Perhaps half of American Jews can trace their roots to Poland. Jews fleeing medieval oppression in the Rhineland and France were invited by Polish kings to settle empty eastern lands. In the 14th century, they were granted freedom of worship and other rights by Casimir the Great. Jewish learning flourished from the 16th century on; the Talmudic academies of Lublin were renowned all over Europe. Hasidism, based on the mystical 13th-century Kaballah from Spain, took root in the shtetls as Poland was partitioned in the 18th century. The highest achievements of Yiddish literature belonged to Polish writers of the 19th and 20th centuries like Yitzhak Peretz and Isaac Bashevis Singer.

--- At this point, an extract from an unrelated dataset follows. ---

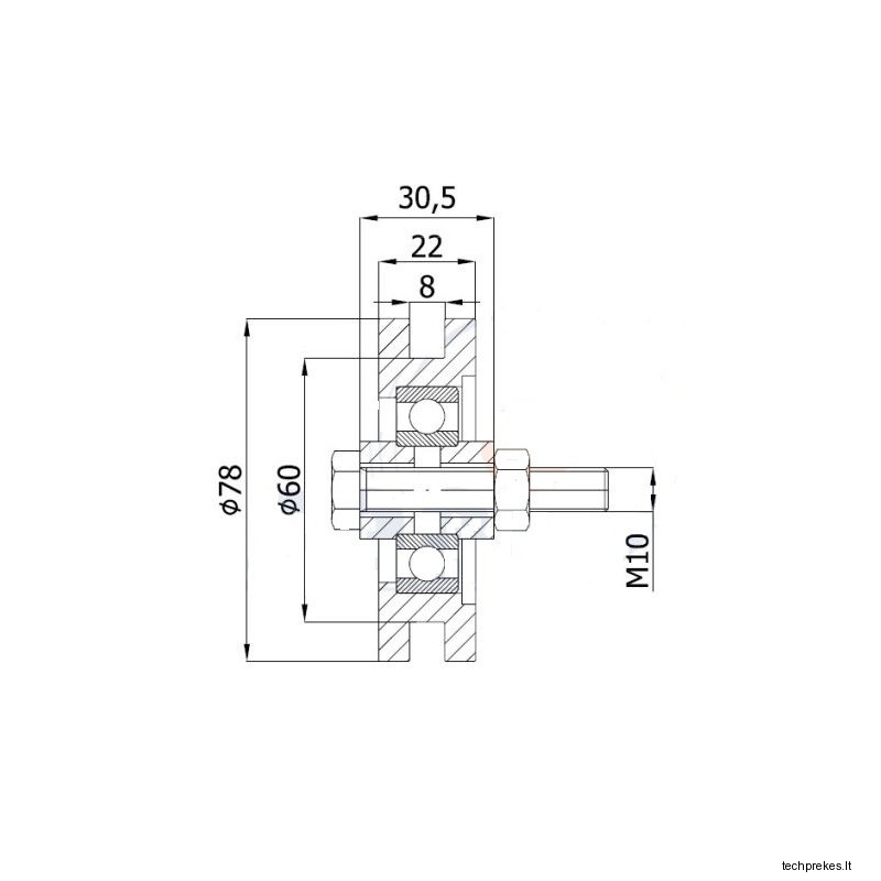 79 mm diametro metalinis ratukas su guoliu bei tvirtinimo kronšteinais

And here was the center of the horror of the Holocaust. Ninety percent of Poland's 3 million Jews died during World War II, most of them at Auschwitz, a short drive from the old royal capital of Kraków. They were joined by Jews shipped from every other occupied country in Europe. Today, a visit to Auschwitz is the central experience for many Jewish Americans who go to Poland.

But there are indications that Poland is becoming more to Jews than a place to mourn. Kraków's ancient Jewish quarter, Kazimierz, has been revitalized by its role in the movie Schindler's List. There are new cafes and bookstores around the old Remuh synagogue and its adjacent cemetery, a tumult of crooked stones dating back to the 15th century.

In Warsaw, at the site of the 1943 ghetto uprising (when Jewish youths living in underground tunnels held the Nazis off for weeks), there is a memorial sculpture in the middle of a post-war housing project. Only the No_yk synagogue survived the devestation; others have been restored. Downtown is the new Jewish Theater, at Plac Grzybowski 12/16, which presents Yiddish plays year-round.